== Collected material ==
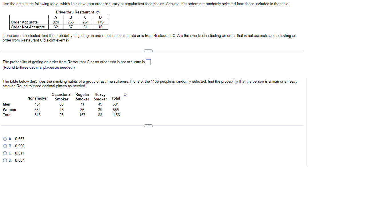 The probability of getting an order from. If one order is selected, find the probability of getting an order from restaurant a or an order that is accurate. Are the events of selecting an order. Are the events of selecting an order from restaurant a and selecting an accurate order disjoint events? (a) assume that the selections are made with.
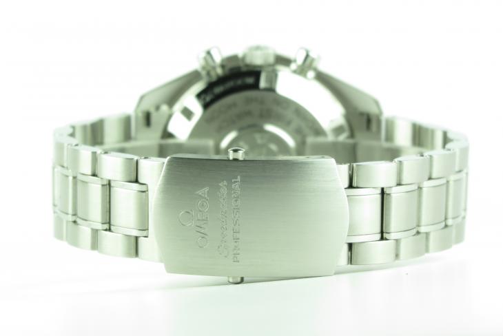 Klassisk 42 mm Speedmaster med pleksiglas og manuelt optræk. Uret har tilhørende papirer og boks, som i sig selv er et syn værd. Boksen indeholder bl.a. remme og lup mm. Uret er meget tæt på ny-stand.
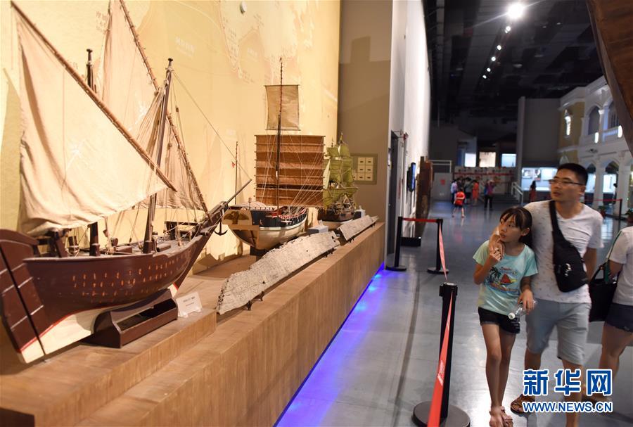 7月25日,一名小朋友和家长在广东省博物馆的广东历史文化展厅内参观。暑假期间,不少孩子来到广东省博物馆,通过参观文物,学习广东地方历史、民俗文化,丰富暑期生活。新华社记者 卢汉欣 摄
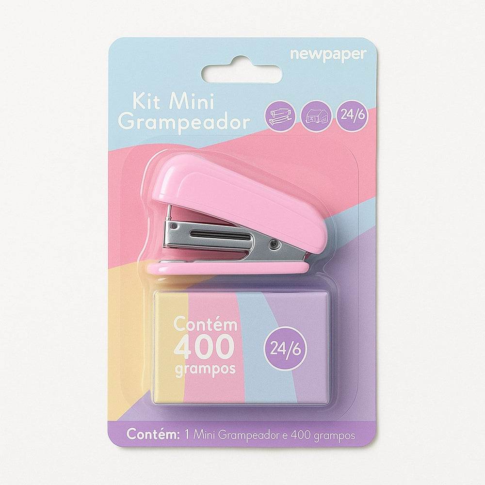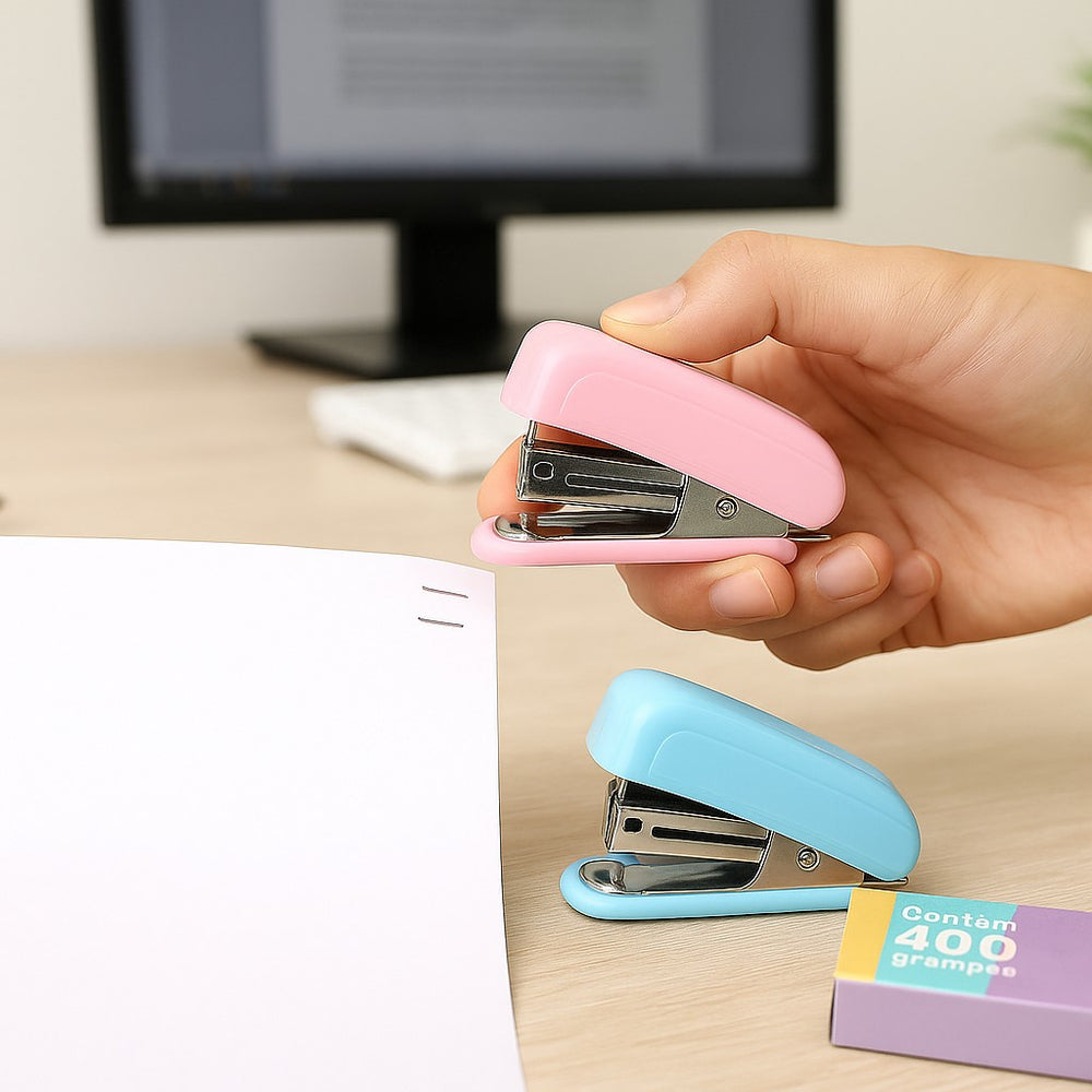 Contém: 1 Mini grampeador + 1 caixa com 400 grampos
===
- _Brief_: Leave out the pictures. Transcribe the rest of the listing above exactly.

- _Exercise output_:
 The probability of getting an order from. If one order is selected, find the probability of getting an order from restaurant a or an order that is accurate. Are the events of selecting an order. Are the events of selecting an order from restaurant a and selecting an accurate order disjoint events? (a) assume that the selections are made with.
 Klassisk 42 mm Speedmaster med pleksiglas og manuelt optræk. Uret har tilhørende papirer og boks, som i sig selv er et syn værd. Boksen indeholder bl.a. remme og lup mm. Uret er meget tæt på ny-stand.
 7月25日,一名小朋友和家长在广东省博物馆的广东历史文化展厅内参观。暑假期间,不少孩子来到广东省博物馆,通过参观文物,学习广东地方历史、民俗文化,丰富暑期生活。新华社记者 卢汉欣 摄
 Contém: 1 Mini grampeador + 1 caixa com 400 grampos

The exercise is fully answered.